RecBole
RecBole copied to clipboard
[🐛BUG] full_sort_scores cuda error
Describe the bug I am able to train the model, but I cannot get predictions on the test sample.
To Reproduce I'm attaching to https://drive.google.com/drive/folders/1YLS0R41sWbDvL3_CxEsSmc9n0UbNXwbH:
- "hh.yaml"
- jupyter notebook "Recbole example.ipynb" with error (I stopped training after 1 epoch to reproduce the error faster)
- data for training: "hh_recbole"
- saved model: "saved"
Expected behavior I wanted to reproduce https://recbole.io/docs/user_guide/usage/case_study.html
Screenshots
Desktop:
- OS Linux
- RecBole Version 1.2.0
- Python Version 3.9.18
- PyTorch Version 2.0.1
- cudatoolkit Version 11.0
Further restarts of the error cell lead to the following result:
A similar error occurred during several epochs when the model tried to load the last most successful attempt. Therefore, the problem has become critical - it is impossible not to train or test the model train log.txt
Thanks for your attention to RecBole! As for your problem, you can try advice below.
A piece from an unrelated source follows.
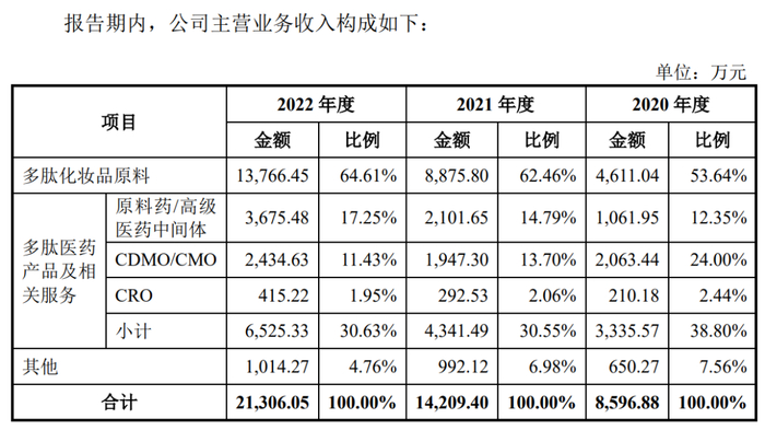从具体业务来看,报告期内,湃肽生物的多肽化妆品原料销售是公司的营收主力,2020-2022年分别为53.64%、62.46%、64.61%。

- CUDA Compatibility: Ensure that your GPU is CUDA-compatible and check if your GPU is listed in the official PyTorch CUDA support documentation https://pytorch.org/get-started/previous-versions/.
- PyTorch Installation: Verify that you have installed the correct version of PyTorch that corresponds to your CUDA version. Hope this could help you!